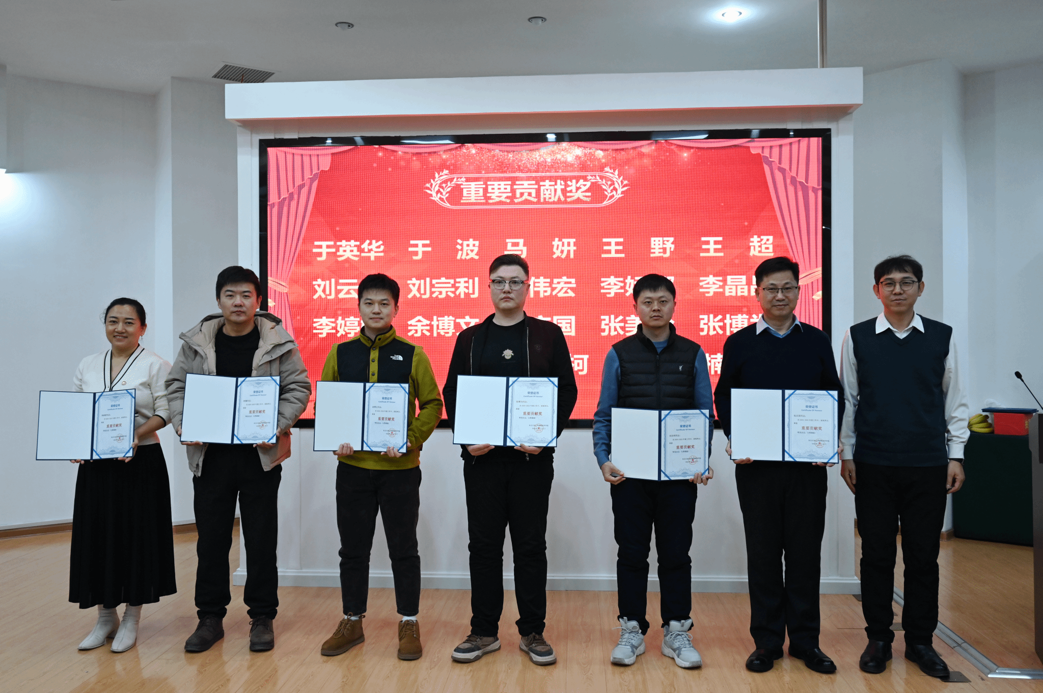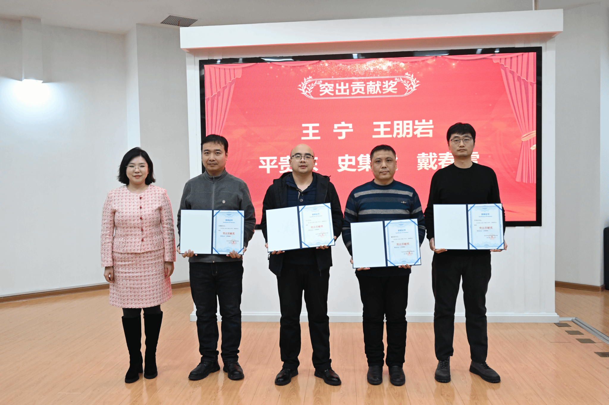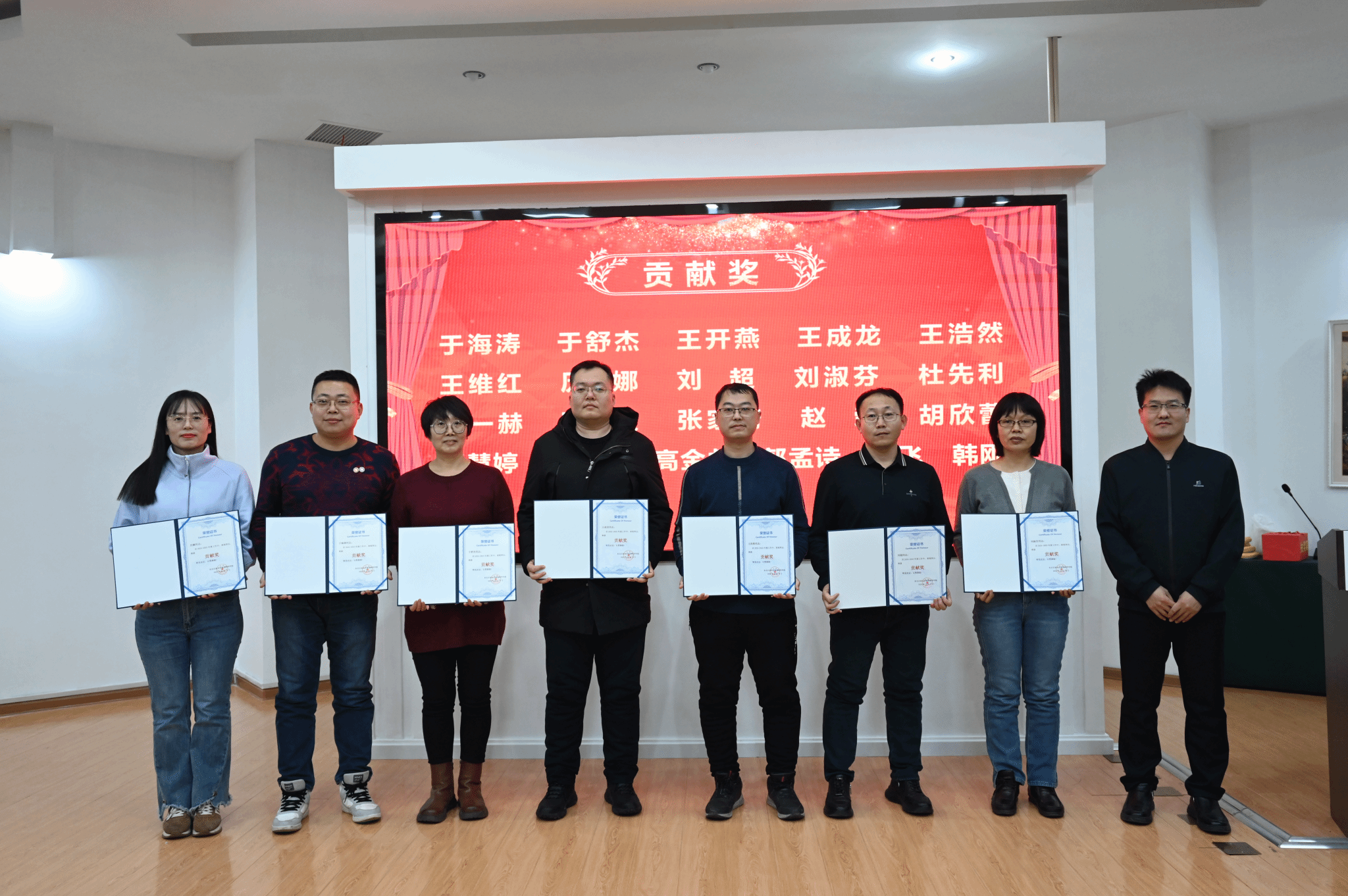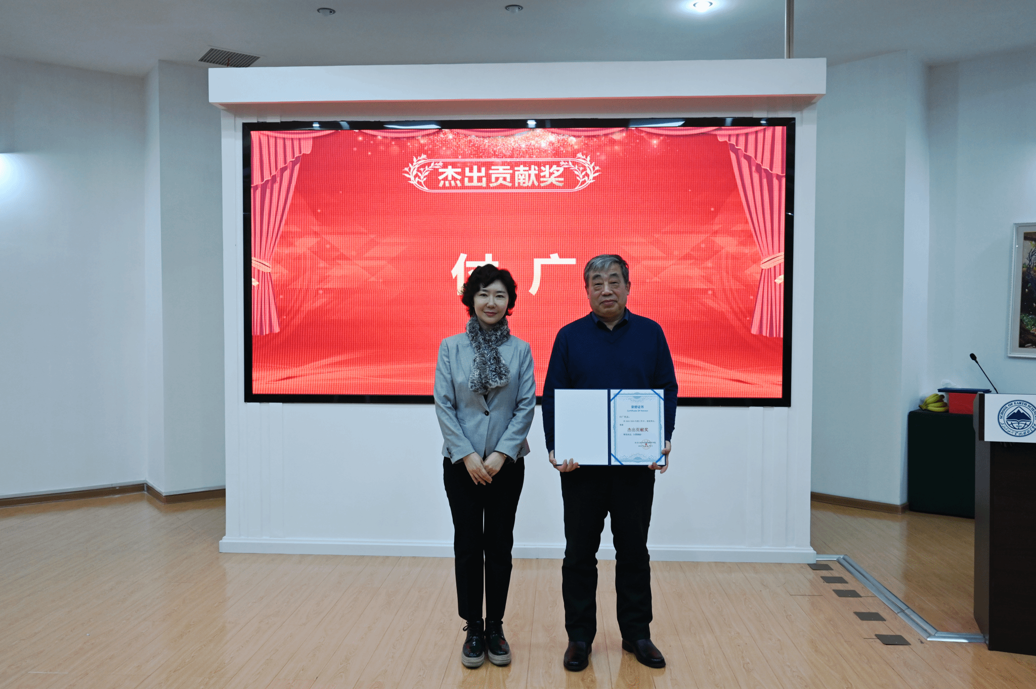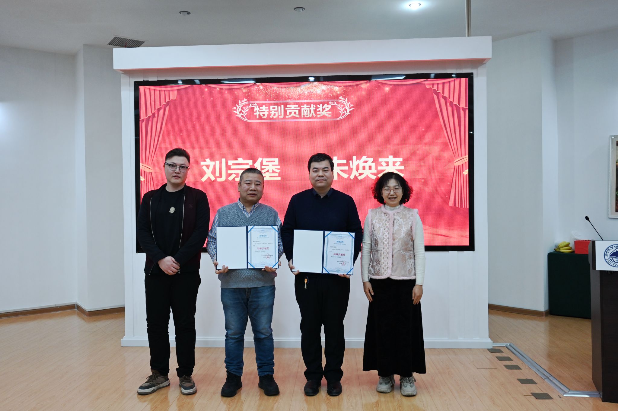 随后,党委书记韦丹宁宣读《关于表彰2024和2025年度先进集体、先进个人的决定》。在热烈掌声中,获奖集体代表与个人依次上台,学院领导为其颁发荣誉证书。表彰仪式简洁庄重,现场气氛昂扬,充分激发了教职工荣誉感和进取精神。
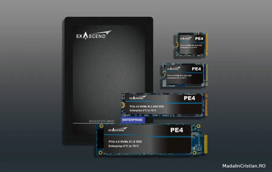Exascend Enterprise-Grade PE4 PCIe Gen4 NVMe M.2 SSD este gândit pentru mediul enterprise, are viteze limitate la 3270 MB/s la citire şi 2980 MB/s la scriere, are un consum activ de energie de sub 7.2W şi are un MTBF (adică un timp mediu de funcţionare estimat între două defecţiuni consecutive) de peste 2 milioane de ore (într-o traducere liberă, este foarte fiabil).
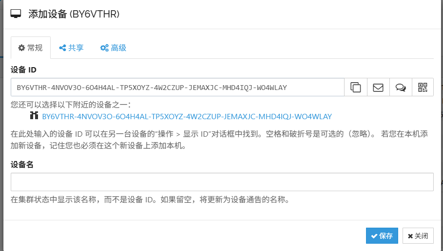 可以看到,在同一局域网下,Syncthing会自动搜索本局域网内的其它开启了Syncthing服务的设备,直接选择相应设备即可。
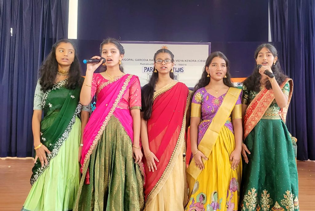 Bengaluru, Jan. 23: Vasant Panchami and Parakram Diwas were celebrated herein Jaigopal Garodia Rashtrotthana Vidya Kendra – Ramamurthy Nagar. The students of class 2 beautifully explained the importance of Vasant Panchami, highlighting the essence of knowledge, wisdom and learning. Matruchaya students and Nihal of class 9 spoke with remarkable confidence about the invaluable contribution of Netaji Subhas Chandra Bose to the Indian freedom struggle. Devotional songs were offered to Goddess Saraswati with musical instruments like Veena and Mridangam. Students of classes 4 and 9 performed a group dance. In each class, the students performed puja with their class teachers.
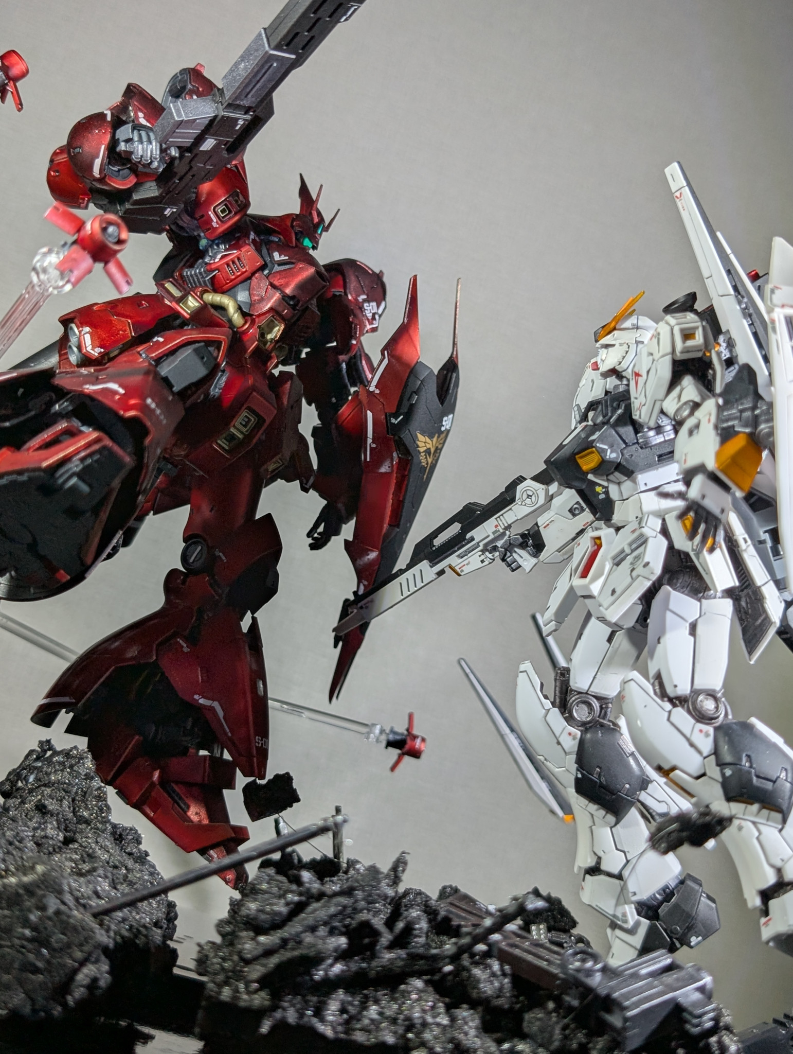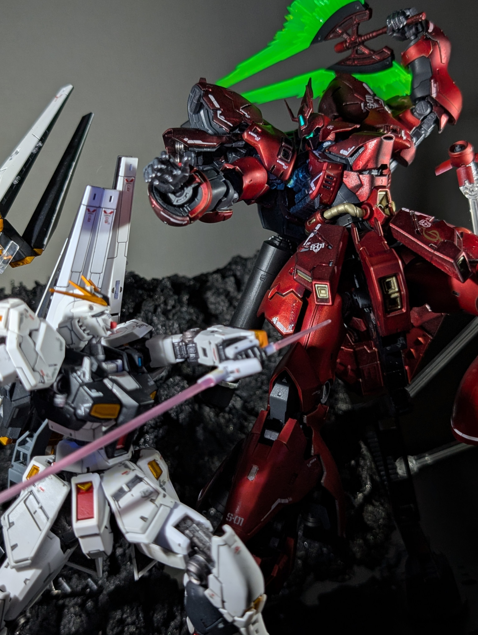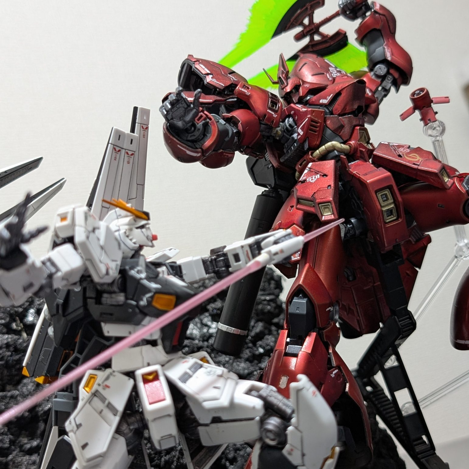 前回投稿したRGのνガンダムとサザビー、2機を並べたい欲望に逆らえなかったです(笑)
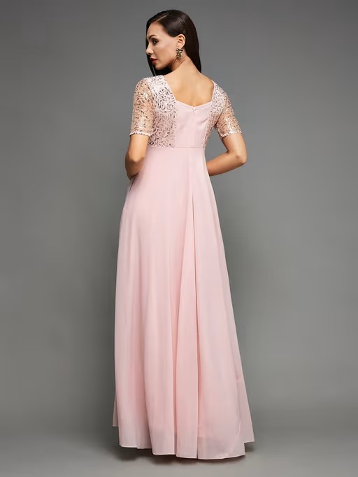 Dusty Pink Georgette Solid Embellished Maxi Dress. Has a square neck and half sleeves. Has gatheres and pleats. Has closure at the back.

_HOW TO COMPLETE THIS TASK_: Write the material out again word for word and omit any images.

_RESULT OF THE TASK_:
 随后,党委书记韦丹宁宣读《关于表彰2024和2025年度先进集体、先进个人的决定》。在热烈掌声中,获奖集体代表与个人依次上台,学院领导为其颁发荣誉证书。表彰仪式简洁庄重,现场气氛昂扬,充分激发了教职工荣誉感和进取精神。
Exascend Enterprise-Grade PE4 PCIe Gen4 NVMe M.2 SSD este gândit pentru mediul enterprise, are viteze limitate la 3270 MB/s la citire şi 2980 MB/s la scriere, are un consum activ de energie de sub 7.2W şi are un MTBF (adică un timp mediu de funcţionare estimat între două defecţiuni consecutive) de peste 2 milioane de ore (într-o traducere liberă, este foarte fiabil).
 可以看到,在同一局域网下,Syncthing会自动搜索本局域网内的其它开启了Syncthing服务的设备,直接选择相应设备即可。
 Bengaluru, Jan. 23: Vasant Panchami and Parakram Diwas were celebrated herein Jaigopal Garodia Rashtrotthana Vidya Kendra – Ramamurthy Nagar. The students of class 2 beautifully explained the importance of Vasant Panchami, highlighting the essence of knowledge, wisdom and learning. Matruchaya students and Nihal of class 9 spoke with remarkable confidence about the invaluable contribution of Netaji Subhas Chandra Bose to the Indian freedom struggle. Devotional songs were offered to Goddess Saraswati with musical instruments like Veena and Mridangam. Students of classes 4 and 9 performed a group dance. In each class, the students performed puja with their class teachers.
 前回投稿したRGのνガンダムとサザビー、2機を並べたい欲望に逆らえなかったです(笑)
 Dusty Pink Georgette Solid Embellished Maxi Dress. Has a square neck and half sleeves. Has gatheres and pleats. Has closure at the back.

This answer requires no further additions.